_What is required_: Set down exactly the lines from the one containing "چراغ خواب گوی" to the final line of the records below, with every picture omitted.

Exercise input START

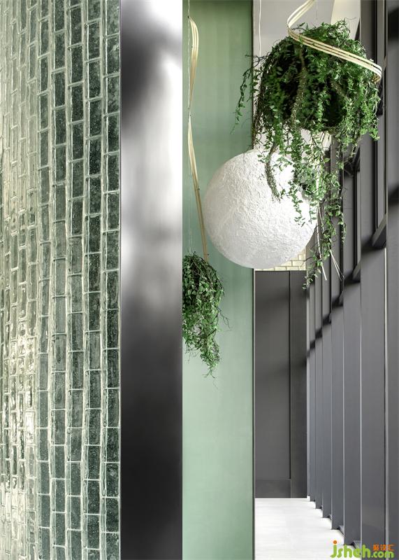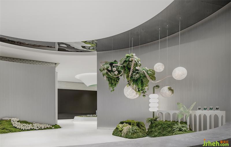 茂密的灌木唤了儿时的记忆,久违的自然画卷一一展开:茂密的热带植物、长满绿苔的石头、忽明忽暗的悬空花束……人们忍不住举起手机,就像李白举起邀月的酒杯,对准空中大大小小的“月亮”;镜头被自然之景吸引,闪烁着绿色的“霸王蝴蝶”。顾客进入接待前厅艺术体验区,惊喜之余,目不暇接,生活体验馆设计就像是坠入了仙境的爱丽丝,入眼皆是奇景,亦真亦幻。
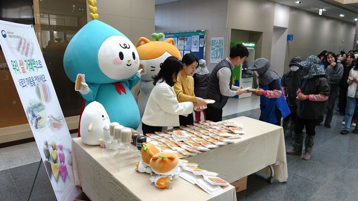 [서울=뉴시스] 농업인의 날과 가래떡데이(11월 11일)을 하루 앞둔 10일 전북 완주군 농촌진흥청 국립식량과학원에서 열린 '가래떡 나눔 행사'에서 곽도연 국립식량과학원장과 직원들이 가래떡을 들어보이고 있다. (사진=농촌진흥청 제공) 2025.11.10. [email protected] *재판매 및 DB 금지
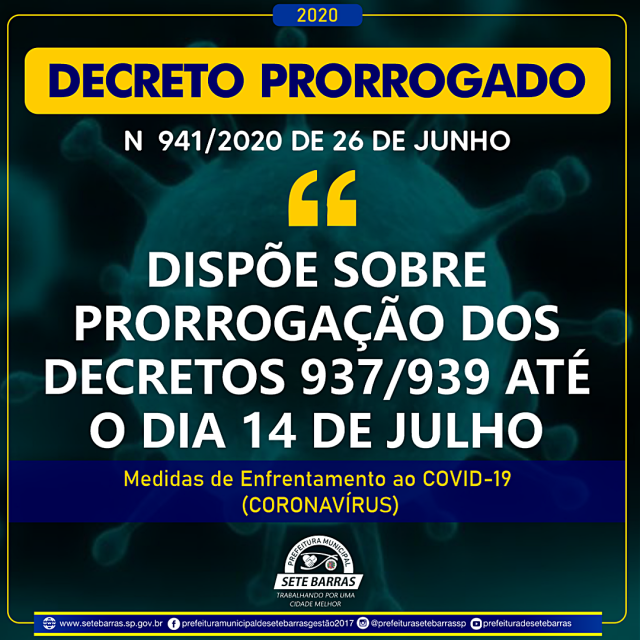 Dispõe sobre a prorrogação das medidas temporárias de prevenção ao contágio pelo COVID-19 (novo Coronavírus) no âmbito do Município de Sete Barras, instruídas pelos Decretos n° 937 e 939/2020.
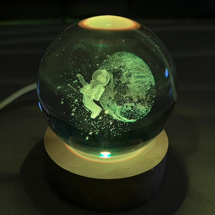 چراغ خواب گوی کریستالی با طرح فضانورد چند رنگ
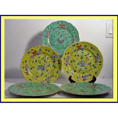 5 18-19th century Jiaqing Chinese Export porcelain butterfly plates. Made between 1796-1820.

Exercise input END

_Answer box_:
 چراغ خواب گوی کریستالی با طرح فضانورد چند رنگ
 5 18-19th century Jiaqing Chinese Export porcelain butterfly plates. Made between 1796-1820.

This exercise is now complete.